The findings presented in this proposal are derived from a five-year study (2013-2018) designed to ascertain how these projects function and evolve as well as to assess their possible impact on the educational contexts they are located in. The theoretical framework is based on Helmut Fend’s and Andreas Helmke's opportunity-use model which characterizes aspects between teaching and learning in a classroom (for a presentation of the model in English, see Zierer & Seel, 2012, S. 16f). This model was expanded to account for learning and teaching beyond the classroom and to allow for a more detailed analysis of the context of formal and non-formal educational settings. The opportunity-use model maps several of these factors such as teachers and instructors, learning potential of children and young adults, but also family- and culture-related context factors.

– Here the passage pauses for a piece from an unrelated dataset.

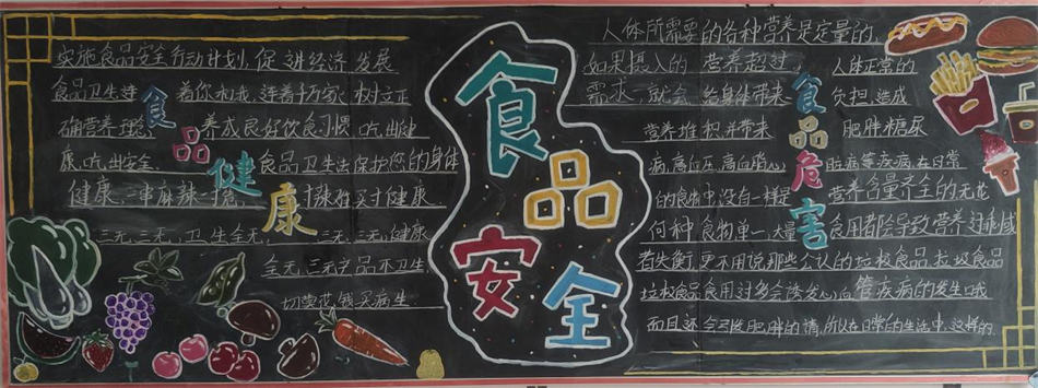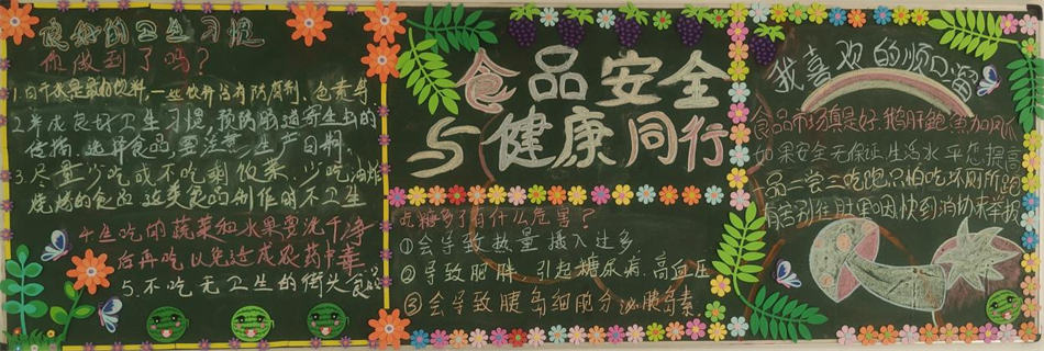 全國食品安全宣傳周活動,食品安全關乎每個人的健康,學生們以我學我寫,我能我畫的形式,一起制作了簡單又漂亮的食品安全宣傳周黑板報,學生們用心制作的食品安全黑板報,都寄托了學生呼吁食品安全的心聲,倡導食品安全,給我們一個健康的身體的心愿。

This contribution presents the findings from the first two years of research, focusing on aspects of process support for these projects, viewed as networked systems. Leading questions were:
- What role does the facilitator play in the establishment of education networks?
- How is this role conceptualized by agents from the network and by the coaches who act as facilitators?
In this study, facilitation was viewed as a type of coaching with a context and process oriented focus (cf. Celoria & Hemphill, 2014). The underlying view of the coach as a facilitator, not as a consultant imparting expert knowledge (for example on what goals to set for education networks), was derived from Lippmann (2013).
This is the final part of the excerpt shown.